Шрифт:
Интервал:
Закладка:
Поначалу Распутин отказывался от вина и чая, бормотал глухо, оправляя пальцами бороду:
– Мне бы твою Ирину, Феликс, увидеть, и я поеду назад.
– Погодите немного, Григорий Ефимович, Ирина разделается с последними гостями, проводит их и придет. Минут десять-пятнадцать надо подождать.
– Долго!
– Иначе нельзя. Того требуют правила приличия.
– Все у вас, благородных, не как у людей, – недовольно пробурчал Распутин. Походил по комнате, топнул ногой по полу. – А раньше что тут было? Подвал? Это помещение лишь недавно стало жилым. Так, Феликс?
Юсупов почувствовал, как у него начали остро покалывать кончики пальцев – вот чутье! Винный подвал, который раньше находился здесь, был очень мрачным, с гранитным, тусклым от пролитого на него вина полом, со стенами, облицованными непривлекательным серым камнем, и низким, давящим на плечи сводчатым потолком. Два узких, как бойницы, расположенных на одном уровне с землей окна выходили на Мойку. Именно эти окна две недели назад очень тщательно обследовал Пуришкевич.

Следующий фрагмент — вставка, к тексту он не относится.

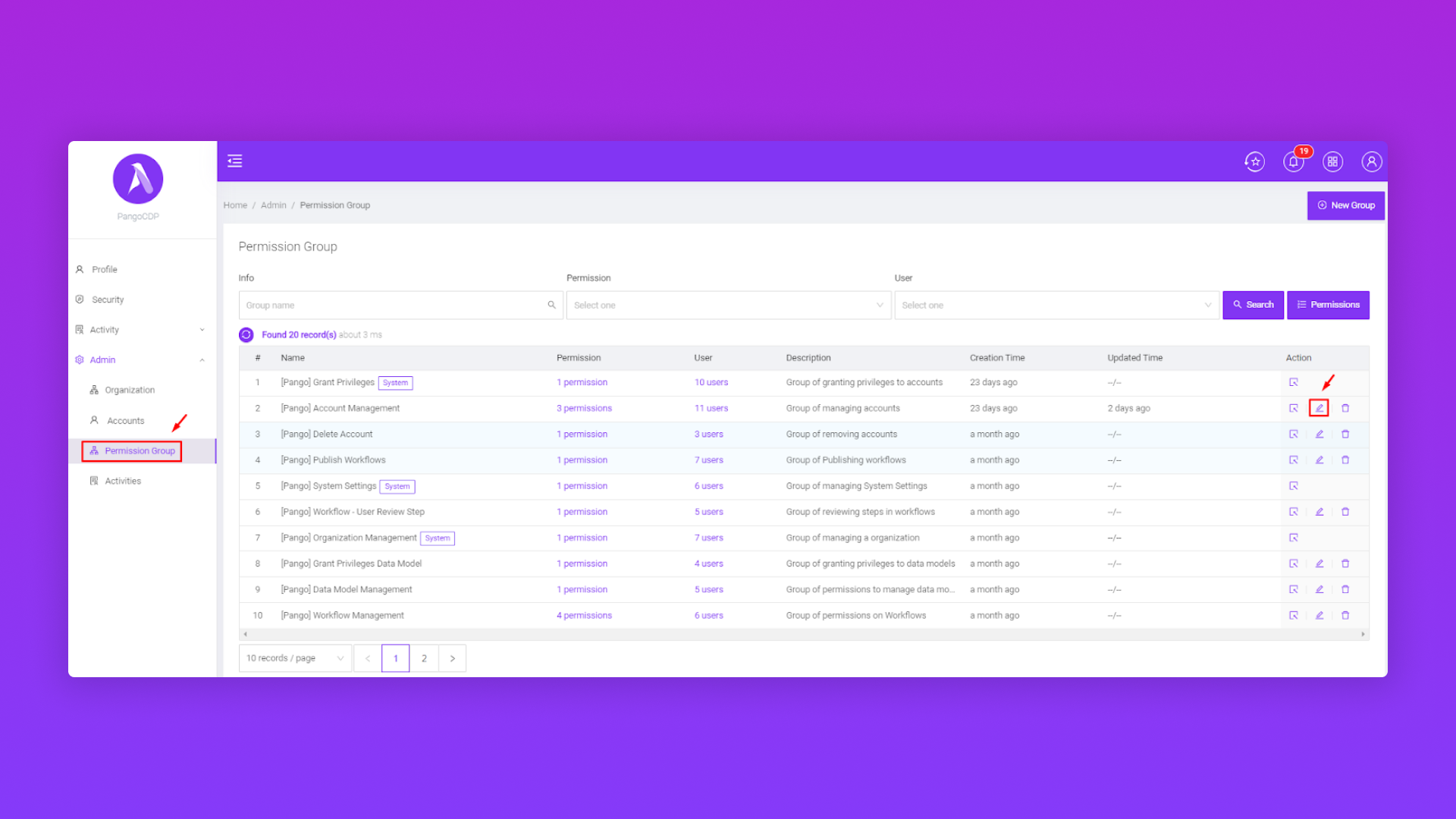 Tạo Permission Group

– Да, раньше здесь был подвал, Григорий Ефимович, – с незамутненным взглядом подтвердил Юсупов, – вино хранили.
– Эван! – Распутин хитро сощурился. – Вино, говоришь? Ну-ну, пусть будет вино. Вообще-то вина у тебя, маленький, много?
– Основной запас находится в Крыму, в тамошнем имении.
– Много?
– Не знаю, не считал… Подвал раза в четыре больше этого. Сколько это будет?
– Много. Два вагона. – Распутин неожиданно повеселел и огляделся, воскликнул с детским восторгом: – А мне здесь нравится!
Распутин обошел помещение, задержался около двух больших китайских ваз, мрачно-красивых, ярких, изготовленных из красного фарфора, стукнул пальцем вначале по одной вазе, потом по другой, затем перекочевал к небольшому столику, покрытому цветной тканью, на котором стояли два изящных резных кубка из слоновой кости, взял один из них, хмыкнул одобрительно:
– А ведь из этого много можно выпить.
– Много, – согласился Юсупов.
Но больше всего Распутина заинтересовал старый инкрустированный шкаф, внутри которого из хорошо начищенных бронзовых планок, колонок и зеркал был возведен лабиринт – замысловатое и талантливое изделие неведомого мастера, неизбежно привлекающее к себе внимание. Юсупов специально поставил шкафчик сюда – знал, что Распутин обязательно остановится около него и, завороженный, будто ребенок, станет изучать.
– Йи-эх! – восхищенно воскликнул Распутин. – Надо же какая красотень! Вот восторг так восторг! Сто лет надо прожить на белом свете и каждый день учиться, чтобы сотворить такую красотень! – Он глянул под ноги, увидел, что наступил на край гигантской шкуры белого медведя, и поспешно отодвинулся назад. Поинтересовался опасливо: – Не запачкаю?
– Нет. Шкура для того и брошена на пол, чтобы по ней ходить. – Феликс почувствовал, что в нем, как и в квартире на Гороховой, когда он помогал Распутину надеть шубу, поднимается некая волна жалости к этому человеку, высокий вал, который может захлестнуть его с головой, понимал, что жалость эта по меньшей мере странная, но ничего поделать с собой не мог.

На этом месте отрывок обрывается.